YOUR GOAL
Your copy should start at the line with "Due lama bianchi" and end at the line with "Такси работает в" in the data below. Transcribe only those lines, exactly, pictures excluded.

MATERIAL PROVIDED
:::::

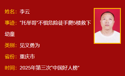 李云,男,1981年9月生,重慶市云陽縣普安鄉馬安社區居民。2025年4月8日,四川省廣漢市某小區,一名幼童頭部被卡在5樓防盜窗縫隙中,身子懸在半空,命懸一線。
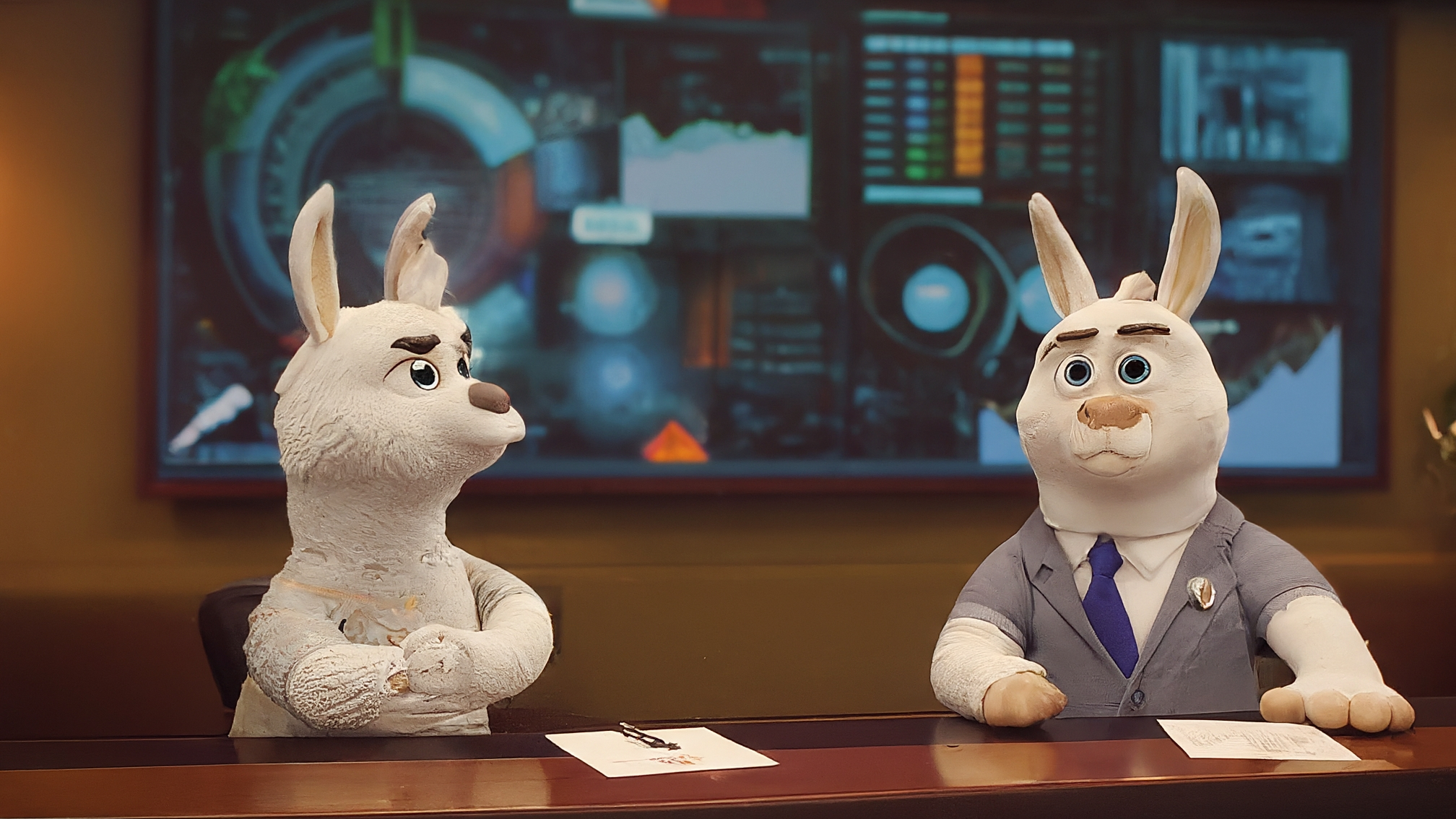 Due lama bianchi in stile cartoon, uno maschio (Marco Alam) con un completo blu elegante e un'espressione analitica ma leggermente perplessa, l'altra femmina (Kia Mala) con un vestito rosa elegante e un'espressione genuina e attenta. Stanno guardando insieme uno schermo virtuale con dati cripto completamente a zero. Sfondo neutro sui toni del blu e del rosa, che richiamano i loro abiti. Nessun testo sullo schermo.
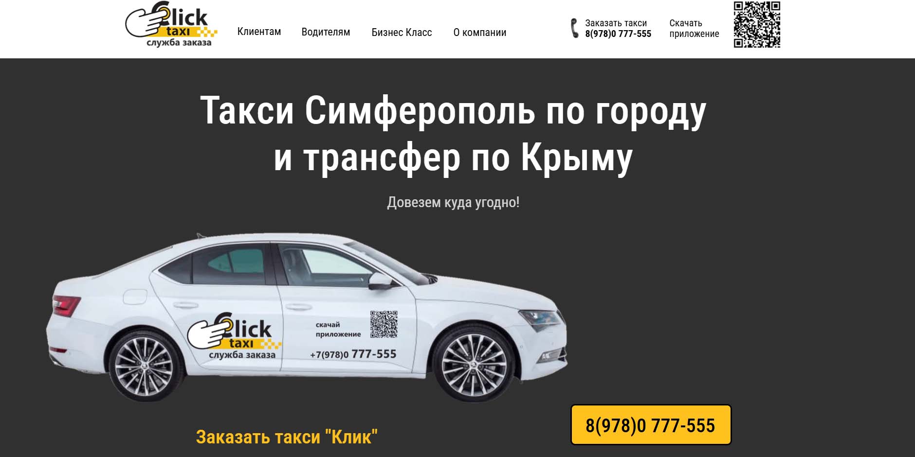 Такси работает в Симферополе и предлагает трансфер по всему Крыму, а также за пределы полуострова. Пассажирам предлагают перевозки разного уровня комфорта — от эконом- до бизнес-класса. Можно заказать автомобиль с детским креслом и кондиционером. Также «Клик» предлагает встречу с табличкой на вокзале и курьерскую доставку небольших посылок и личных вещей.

:::::

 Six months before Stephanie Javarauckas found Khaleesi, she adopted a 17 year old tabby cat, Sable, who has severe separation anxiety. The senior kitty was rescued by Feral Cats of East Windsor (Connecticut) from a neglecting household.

:::::

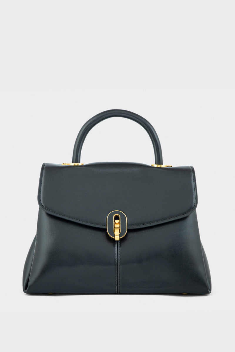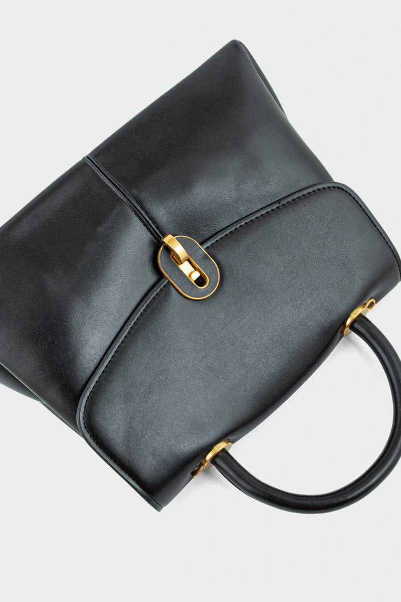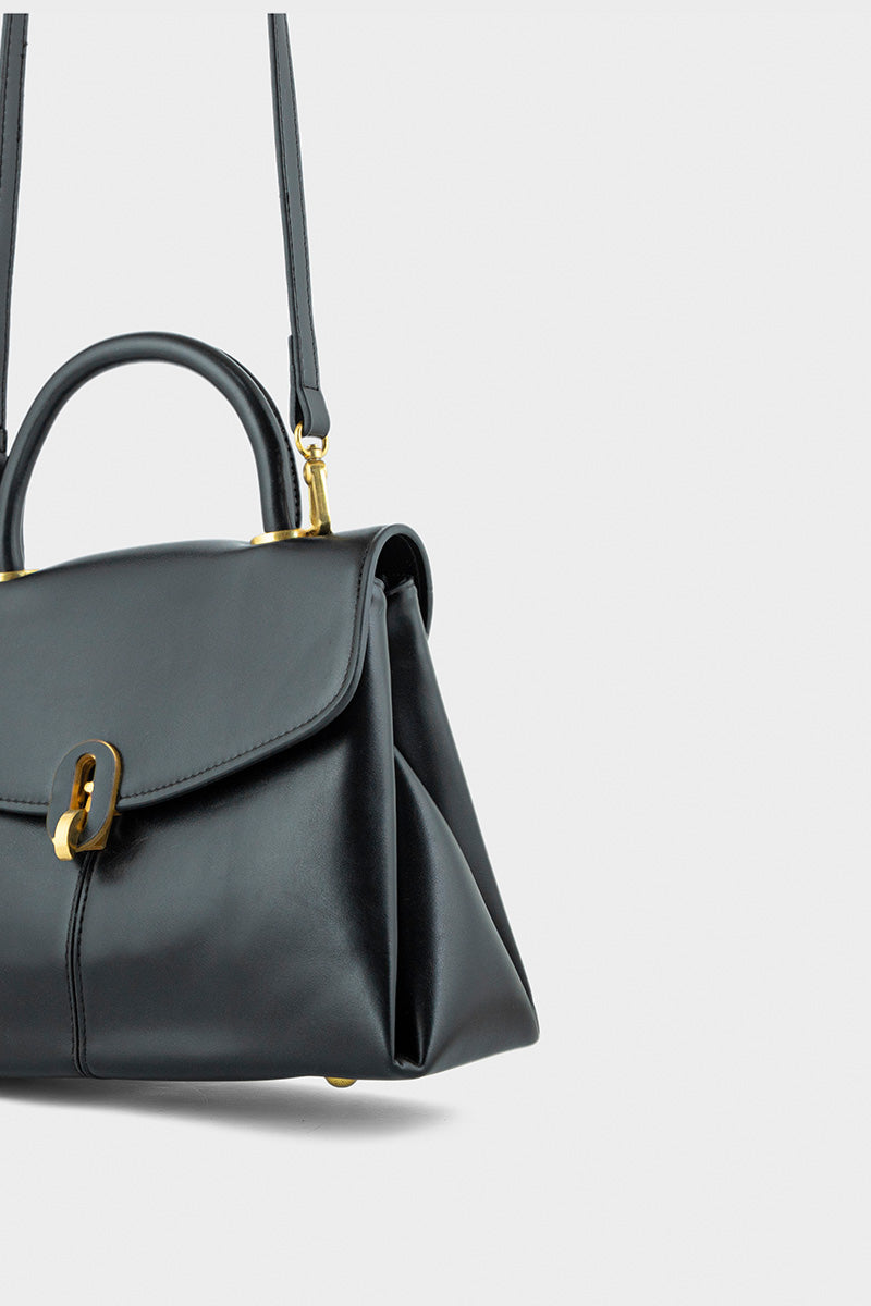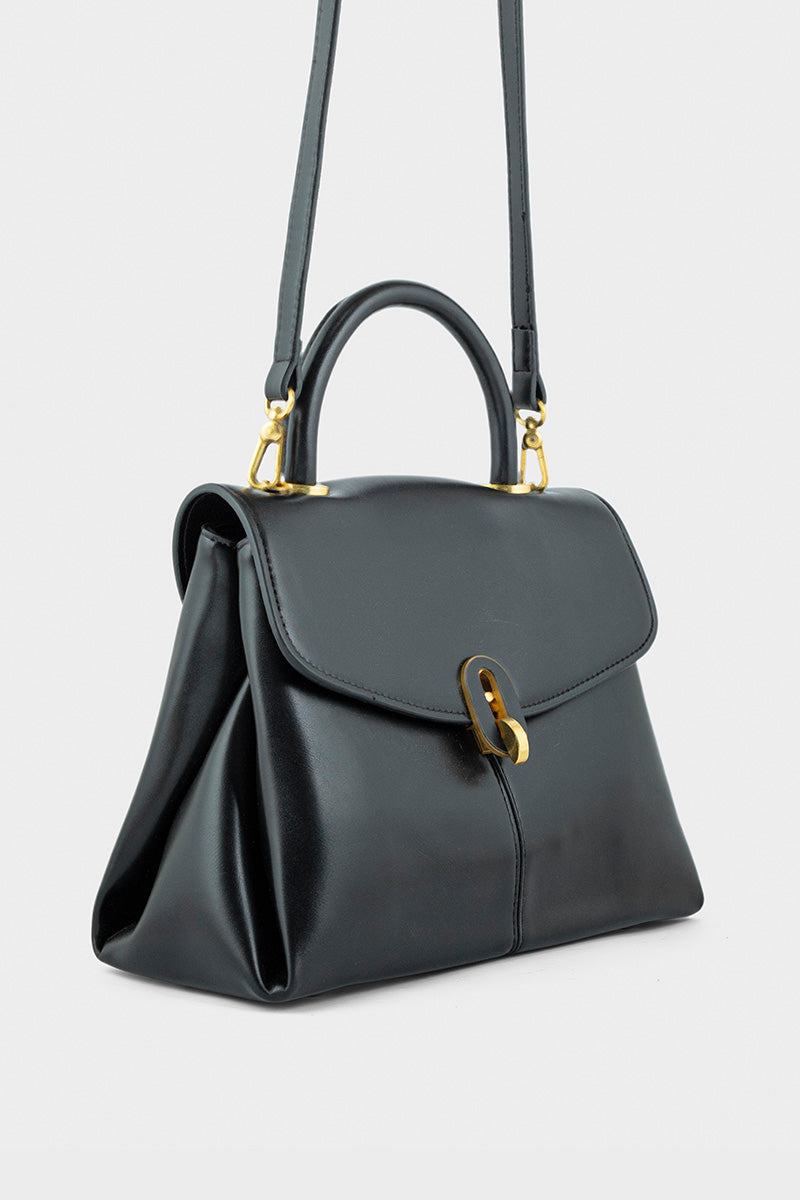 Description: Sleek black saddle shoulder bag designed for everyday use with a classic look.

:::::

SOLUTION TO THE EXERCISE
 Due lama bianchi in stile cartoon, uno maschio (Marco Alam) con un completo blu elegante e un'espressione analitica ma leggermente perplessa, l'altra femmina (Kia Mala) con un vestito rosa elegante e un'espressione genuina e attenta. Stanno guardando insieme uno schermo virtuale con dati cripto completamente a zero. Sfondo neutro sui toni del blu e del rosa, che richiamano i loro abiti. Nessun testo sullo schermo.
 Такси работает в Симферополе и предлагает трансфер по всему Крыму, а также за пределы полуострова. Пассажирам предлагают перевозки разного уровня комфорта — от эконом- до бизнес-класса. Можно заказать автомобиль с детским креслом и кондиционером. Также «Клик» предлагает встречу с табличкой на вокзале и курьерскую доставку небольших посылок и личных вещей.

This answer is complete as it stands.